**WHAT THE TASK ASKS**
Quote the data exactly, first line to the line containing "Le Freecom mDock", with no pictures.

**Data records**
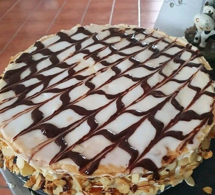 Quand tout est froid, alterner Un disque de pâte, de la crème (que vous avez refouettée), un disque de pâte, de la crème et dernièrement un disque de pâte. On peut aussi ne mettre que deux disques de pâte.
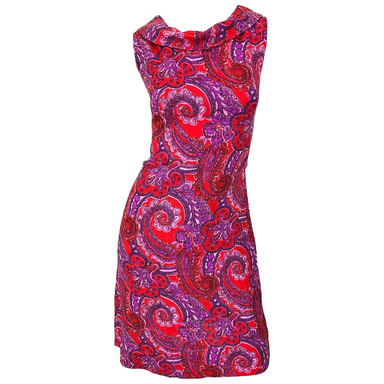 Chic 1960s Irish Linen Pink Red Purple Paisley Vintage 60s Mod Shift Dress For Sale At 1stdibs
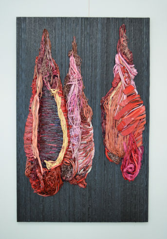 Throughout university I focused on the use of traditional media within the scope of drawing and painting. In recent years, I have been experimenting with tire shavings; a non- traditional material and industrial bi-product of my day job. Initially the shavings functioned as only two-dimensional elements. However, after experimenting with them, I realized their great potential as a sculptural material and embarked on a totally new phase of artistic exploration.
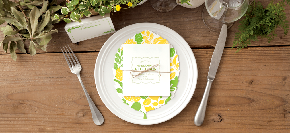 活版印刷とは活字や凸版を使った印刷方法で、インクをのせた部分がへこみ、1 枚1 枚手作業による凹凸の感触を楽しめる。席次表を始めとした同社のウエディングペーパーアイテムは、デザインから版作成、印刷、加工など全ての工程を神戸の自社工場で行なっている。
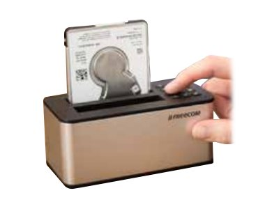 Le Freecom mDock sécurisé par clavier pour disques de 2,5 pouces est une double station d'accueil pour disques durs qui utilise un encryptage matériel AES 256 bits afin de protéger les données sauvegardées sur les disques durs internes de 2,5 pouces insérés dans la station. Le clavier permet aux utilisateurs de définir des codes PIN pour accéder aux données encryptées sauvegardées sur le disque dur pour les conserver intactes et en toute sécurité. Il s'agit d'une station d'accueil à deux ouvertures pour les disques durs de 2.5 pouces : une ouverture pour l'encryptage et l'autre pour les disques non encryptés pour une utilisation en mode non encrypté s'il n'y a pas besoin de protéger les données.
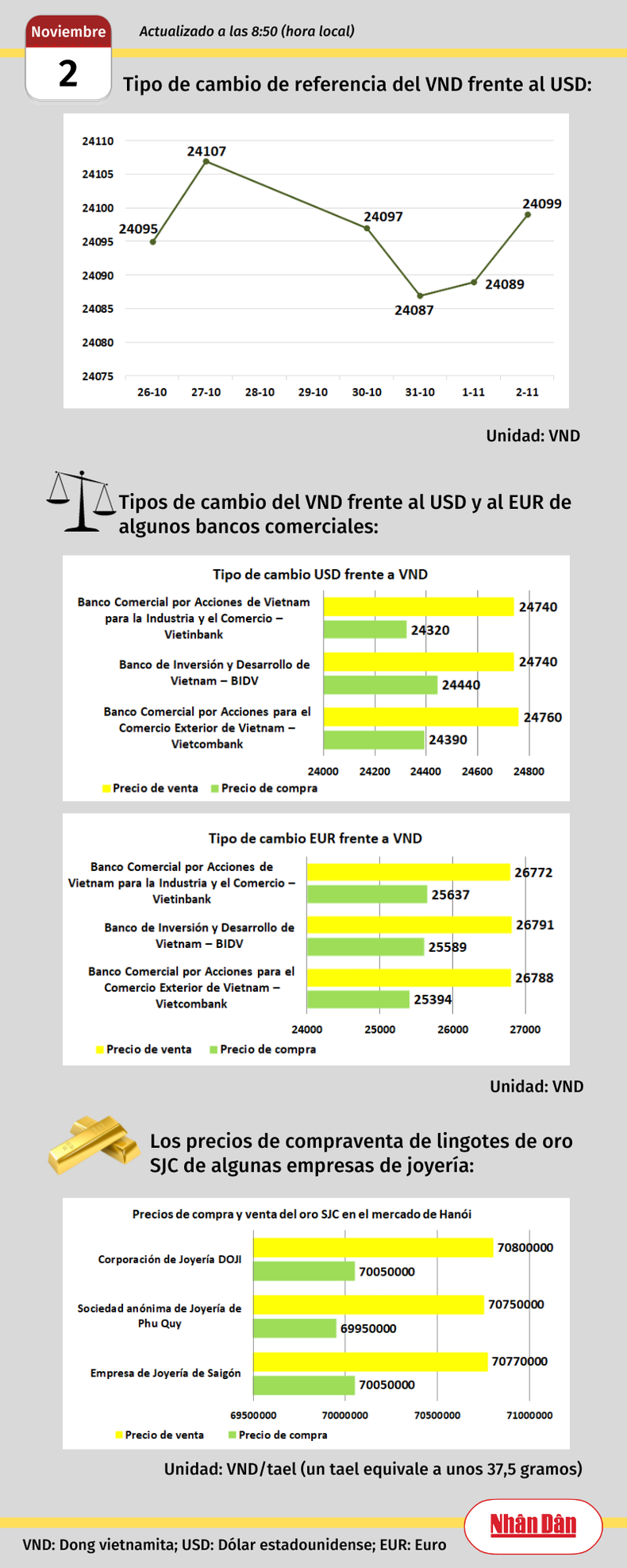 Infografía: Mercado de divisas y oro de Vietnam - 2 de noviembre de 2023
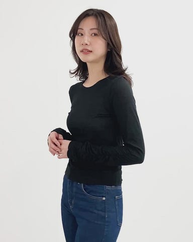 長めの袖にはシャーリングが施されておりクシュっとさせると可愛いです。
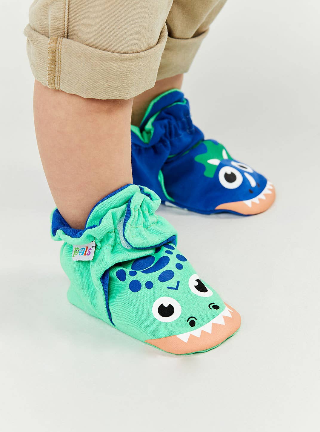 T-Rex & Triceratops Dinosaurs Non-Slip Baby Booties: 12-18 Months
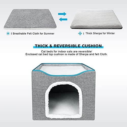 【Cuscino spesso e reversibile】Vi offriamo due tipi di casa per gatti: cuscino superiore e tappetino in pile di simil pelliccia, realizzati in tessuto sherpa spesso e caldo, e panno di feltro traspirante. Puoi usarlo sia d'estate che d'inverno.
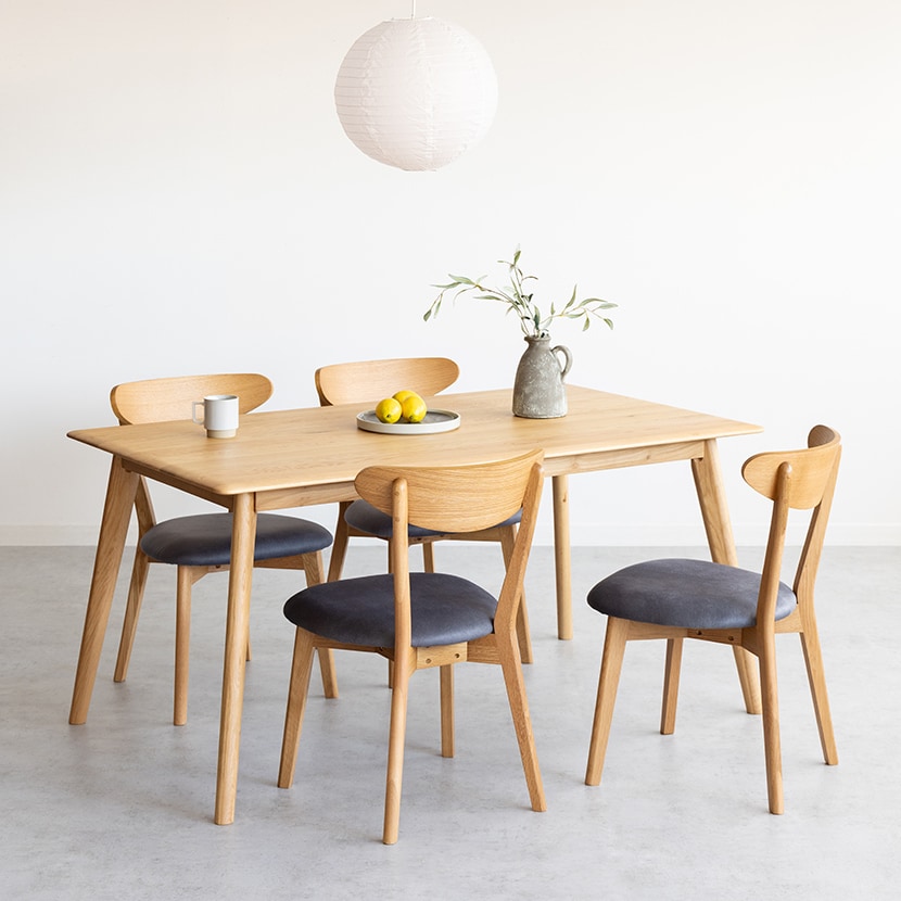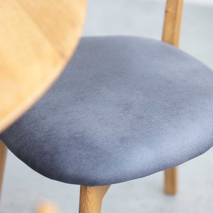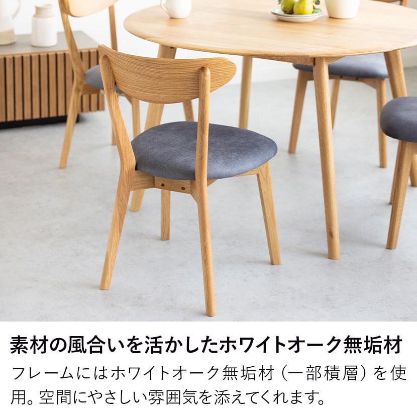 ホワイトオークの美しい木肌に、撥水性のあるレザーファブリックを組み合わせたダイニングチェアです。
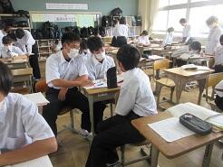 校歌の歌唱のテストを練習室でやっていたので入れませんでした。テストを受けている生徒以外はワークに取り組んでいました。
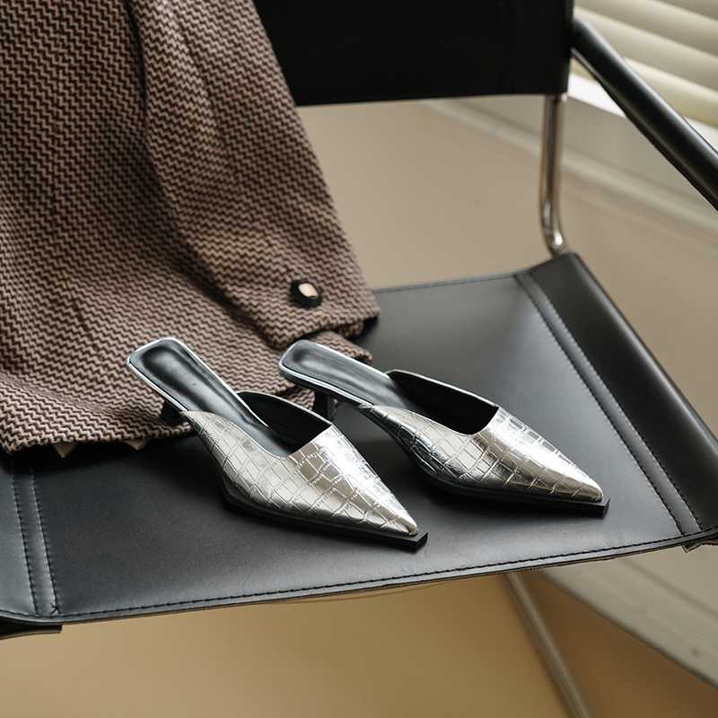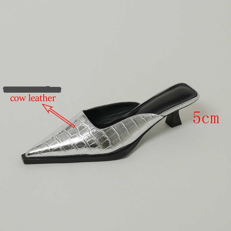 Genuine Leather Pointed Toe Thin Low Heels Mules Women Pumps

**ANSWER FOR THIS EXERCISE**
 Quand tout est froid, alterner Un disque de pâte, de la crème (que vous avez refouettée), un disque de pâte, de la crème et dernièrement un disque de pâte. On peut aussi ne mettre que deux disques de pâte.
 Chic 1960s Irish Linen Pink Red Purple Paisley Vintage 60s Mod Shift Dress For Sale At 1stdibs
 Throughout university I focused on the use of traditional media within the scope of drawing and painting. In recent years, I have been experimenting with tire shavings; a non- traditional material and industrial bi-product of my day job. Initially the shavings functioned as only two-dimensional elements. However, after experimenting with them, I realized their great potential as a sculptural material and embarked on a totally new phase of artistic exploration.
 活版印刷とは活字や凸版を使った印刷方法で、インクをのせた部分がへこみ、1 枚1 枚手作業による凹凸の感触を楽しめる。席次表を始めとした同社のウエディングペーパーアイテムは、デザインから版作成、印刷、加工など全ての工程を神戸の自社工場で行なっている。
 Le Freecom mDock sécurisé par clavier pour disques de 2,5 pouces est une double station d'accueil pour disques durs qui utilise un encryptage matériel AES 256 bits afin de protéger les données sauvegardées sur les disques durs internes de 2,5 pouces insérés dans la station. Le clavier permet aux utilisateurs de définir des codes PIN pour accéder aux données encryptées sauvegardées sur le disque dur pour les conserver intactes et en toute sécurité. Il s'agit d'une station d'accueil à deux ouvertures pour les disques durs de 2.5 pouces : une ouverture pour l'encryptage et l'autre pour les disques non encryptés pour une utilisation en mode non encrypté s'il n'y a pas besoin de protéger les données.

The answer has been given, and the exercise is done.